One point to remember is that the severity and position of doglegs are what cause torque and drag problems -not the number of slides.

In a long Lateral Section, the second camp will more likely reach projected length. This is one of the reasons that target lines work when points do not. A Directional Driller is more likely to stay closer to a line. Long slides of 20 feet or more should be reserved for the build or landing sections, and should be used sparingly within the Lateral Section. The only time large corrections should be made are after a fault is cut or to counter strong dip changes.

Occasionally, mechanical problems such as a formation change or torque and drag may prevent course corrections until a trip is made to clean the hole or change the BHA. After such a trip, a large correction may be needed to get back into target.

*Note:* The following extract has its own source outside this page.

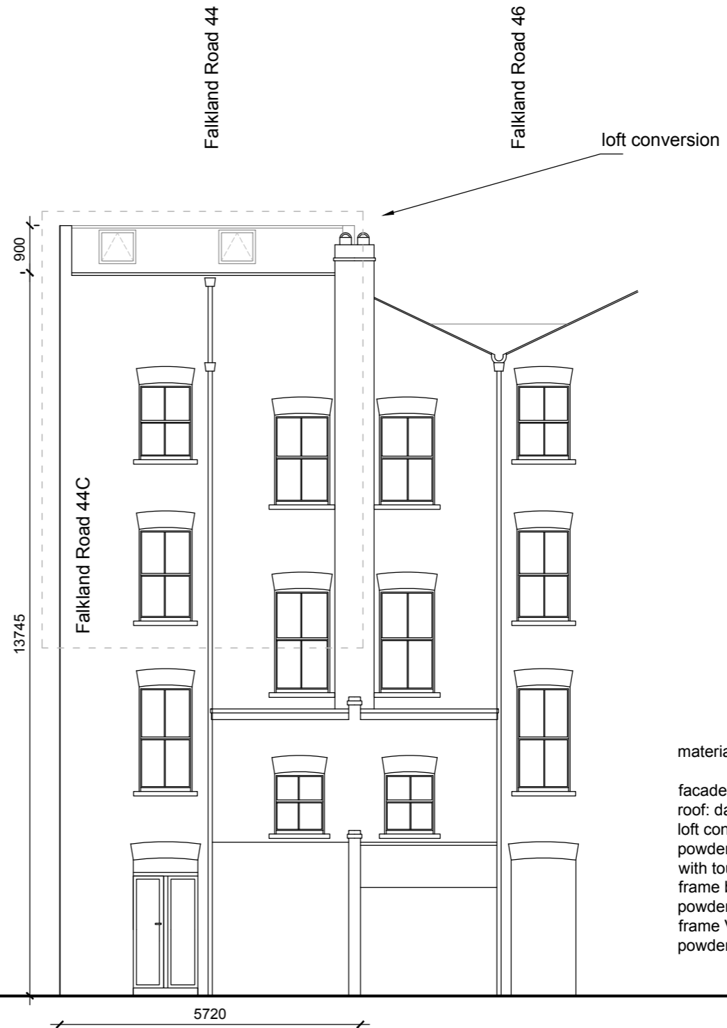
DESIGN PROPOSAL_REAR ELEVATION 44 FALKLAND ROAD

Guidelines for the Lateral Section

The Geosteering Team should develop contingency plans in advance of any major problems that may be encountered in the Lateral Section. The Lateral Section is more of a decision management exercise than either the Build or Landing Section, simply because it is more difficult to interpret the wellbore’s position within the targeted zone. GeoSteering Team guidelines for the Lateral Section include:

  • Make decisions ahead of time: Contingency plans should be formulated before the well spuds in order to prescribe the general outline of response to a wide range of drilling scenarios. All that remains is to examine the data and act upon the decision. Often, in the excitement of the moment, there is a tendency to make decisions that do not adhere to the contingency plan, and hence fail to advance the objectives set forth in the plan. However, if a course of action can be planned under calmer conditions, before the event occurs, then adhering to the response plan will be easier.
  • Make bailout or sidetrack contingencies, and then abide by them. When a fault is cut, or when a pinch-out is encountered, determine the throw and position of the well in-section after the fault, or confirm the pinch-out. If the throw is too great to recover, or if the formation has pinched-out, then follow the contingency plan.
  • Make a target change ONLY WHEN THE GEOLOGY CHANGES. There simply is no other reason to make a target change. Target lines should only move when the wellbore begins to approach the target boundaries as a result of unforeseen changes in the formation.
  • Make the least number of target changes possible to stay within the target. Every target change will affect the course of drilling in the remainder of the well. Doglegs increase torque and drag in the lateral section. Each dogleg adds to the problem, so the length of the lateral section is generally limited by the number of target changes.
  • Thin targets with complex geology will require more target changes than thicker targets in simple geology. Thin targets, complex geology, and fast drilling can create nightmares for the Geosteering Team. These are the hardest type of targets to geosteer, and require constant supervision and intensive interpretation. Target changes for these types of reservoirs will be more frequent.
  • Make steering decisions only when ALL of the critical data has been examined. Instant decisions that do not include all pertinent data are only guesses, and often cause more harm than good. The only mistake that the geosteering team should regret is the one made without first examining the data. A decision made through guessing or through panic can cause an unnecessary dogleg at minimum, or a sidetrack in the worst case.
  • Mistakes in interpretation will invariably be made -so admit the mistake, recover, and continue. There are times when two perfectly reasonable interpretations fit the data. In these cases, it is best to look at more data to resolve the two interpretations (if possible). Many such cases actually resolve themselves in short order when more data is introduced. If the situation cannot be resolved with a reasonable amount of time and more data, then make the best choice and live with it. If it is discovered that the choice was not correct even after studying all of the data, then admit it and make plans to get back on target.